Baby With the Bathwater begins as a farce about parenthood by two people who do not have a clue. Their little boy, named Daisy, wears dresses as a child and is unsuccessful in forming any life plans, with Durang satirizing the writer-mother, the unemployed father who crouches beside the refrigerator, and their self-absorption. Daisy is on his own in figuring out who he is and who he may become, speaking to the audience directly at the end of the play.

Over-the-top exaggerations of real life attitudes and events, farce-like humor, and biting satire make Durang's plays memorable and disquieting events, and these two plays, less famous than his Obie-award winners (Sister Mary Ignatius Explains It All, and Marriage of Bette and Boo) show his more personal, less interactive style of playwriting with its smaller, more intimate focus.

"Afterwords" for both plays provide Durang's comments on these productions. Particularly fascinating is his evaluation of the New York theater scene and his belief that "His Pontiff Rich" (NYTimes drama critic Frank Rich) has absolute power. n Mary Whipple





Rated by buyers 5 out of 5 stars - Two Good Plays
I would recommend this play for anyone who likes Christopher Durang. Both plays are good for any project that you would need a comedic play and/or playwrite. A must have for any drama or modern studies student.

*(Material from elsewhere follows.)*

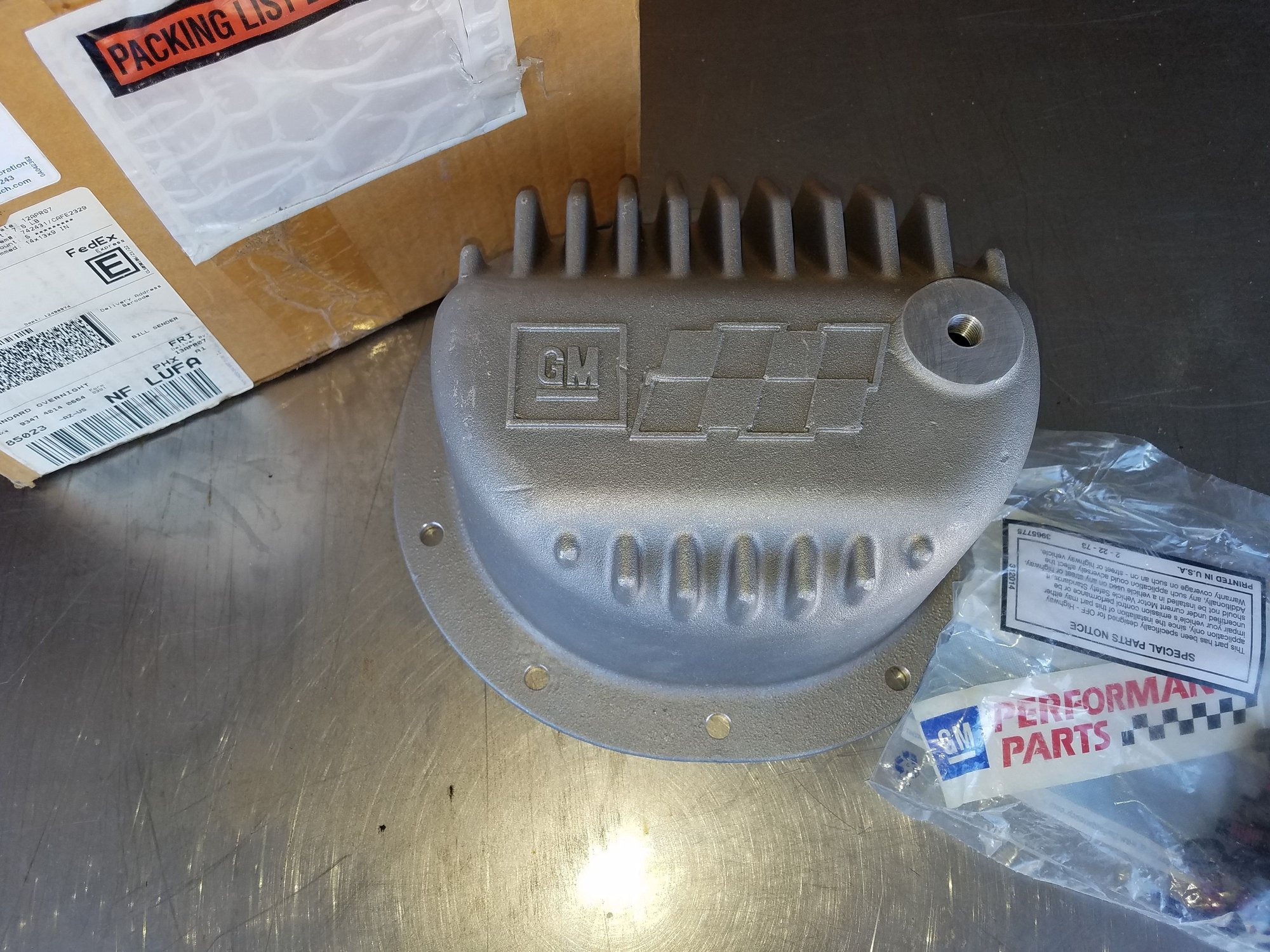 Brand new in box GM Performance parts rear diff cover. GM 8.5/8.625 rear diff cover. Double capacity, finned aluminum. $100 shipped. This part is discontinued and no longer produced. SOLD..

Rated by buyers 5 out of 5 stars - Excellent for Student Presentations
These 2 plays are full of excellent monologues and/or scenes that work well for acting presentations. They are full of modern humor.



Rated by buyers 4 out of 5 stars - Through a Bath Darkly
Laughing Wild is an extraordinary journey of two people into the thinly crusted underworld of anguish and madness both they - and many of us - are struggling to keep at bay. The catalyst - an aisle in a supermarket - the weapon at hand: a tin of tuna. People negotiating with themselves, and others in a user-unfriendly environment, the overpopulated Metropolis, where normality, or at least the semblance of such, is paramount. What both characters remind us, hopefully, is the absurdity of modern life and the bravery of those social lepers who are "out there" - willing and able to acess their feelings, no matter how socially unacceptable. We laugh at "the lunatic woman" - but we also envy her and wish we had the courage to voice those things we only think. The borders of what I think of as sane and loony became very blurred in this play. Thank you, Mr Durang, for that.



Rated by buyers 4 out of 5 stars - durang's most real play...
LAUGING WILDE is the best play by Durang that I've read or seen. I usually find his plays sort of sad, with terrible bitterness at the heart of them, that, even though they're usually terribly funny, you sort of leave feeling bad that Durang is so unhappy. I've appeared as George in ACTORTS NIGHTMARE more than once, and, like most of his plays, they have these great lead ups to sort of really sad endings.

LAUGING... on the other hand gives us two characters (two very eighties characters, based on their references to Reagan and the Meese Commition) who's feelings, though in a dated context, are so relevent now to how so many people feel about the world.

The Woman's monolgue at the beginning is so wonderfully crazy and hysterical and sort of touching - this is a great peice for a great actress who understands levels and life - its so perfectly written. The Man's monologue is just so touchingly written, without being sappy, that it makes you really sit there and say - "yes! this is what I feel, too!"... at least I do.

And bringing them together in the second act is so well done - and by the end... well, what do you know, Durang gives us an ending that has hope. No bitterness. Hope. I love it.

Not the best play I've ever read, but really well done.

BABY... has one of the funniest very first acts of any play I know, but sort of winds up with that bitter Durang ending that always makes me feel bad for him.

Despite this, he's one of the best absurdist playwrights today, its no wonder his plays are so popular.